◆ TASK TO COMPLETE: What you return should match the data below exactly, with no pictures in it.

───── DATA BLOCK ─────

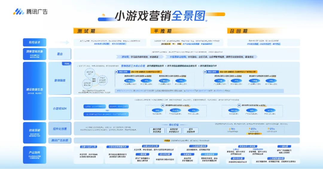 這個全景圖並非簡單的工具集合,而是一套完整的技術生態解決方案,它將小遊戲的營銷過程完整地分解為測試期、平推期和召回期三個關鍵階段,併為每個階段提供了高度匹配的技術支持和解決方案。
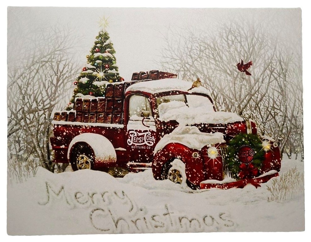 Led Lighted Merry Christmas Pepsi Cola Delivery Truck Canvas Wall
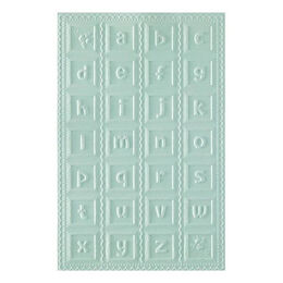 Classic Pooh Baby Blocks 3D Embossing Folder is a 5.50 x 8.50-inch embossing folder with a wonderful background filled with lower case alpha blocks and two buzzing bee blocks framed in a sweet loop design. For interest, punch out the blocks with T-081 1-inch Square Punch (sold separately) and pop them up with foam squares or use individually.
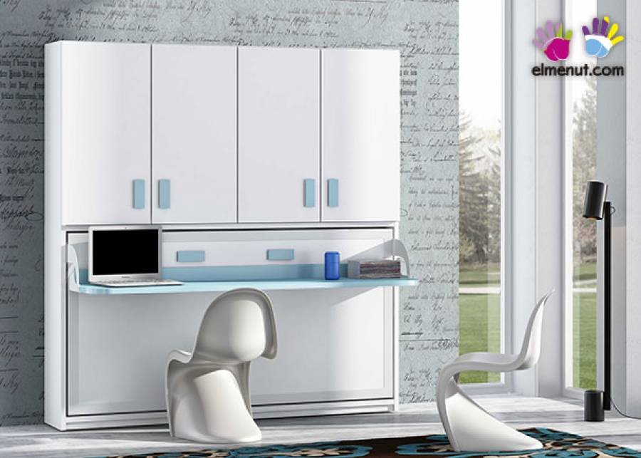 Horizontal folding bed for a 90 x 190 mattress with desk. The module has a large wardrobe with 4 swing doors and two compartments at the top; one with a hanging rail and the other with shelves.

─────

◆ SOLUTION FOR THIS EXERCISE:
 這個全景圖並非簡單的工具集合,而是一套完整的技術生態解決方案,它將小遊戲的營銷過程完整地分解為測試期、平推期和召回期三個關鍵階段,併為每個階段提供了高度匹配的技術支持和解決方案。
 Led Lighted Merry Christmas Pepsi Cola Delivery Truck Canvas Wall
 Classic Pooh Baby Blocks 3D Embossing Folder is a 5.50 x 8.50-inch embossing folder with a wonderful background filled with lower case alpha blocks and two buzzing bee blocks framed in a sweet loop design. For interest, punch out the blocks with T-081 1-inch Square Punch (sold separately) and pop them up with foam squares or use individually.
 Horizontal folding bed for a 90 x 190 mattress with desk. The module has a large wardrobe with 4 swing doors and two compartments at the top; one with a hanging rail and the other with shelves.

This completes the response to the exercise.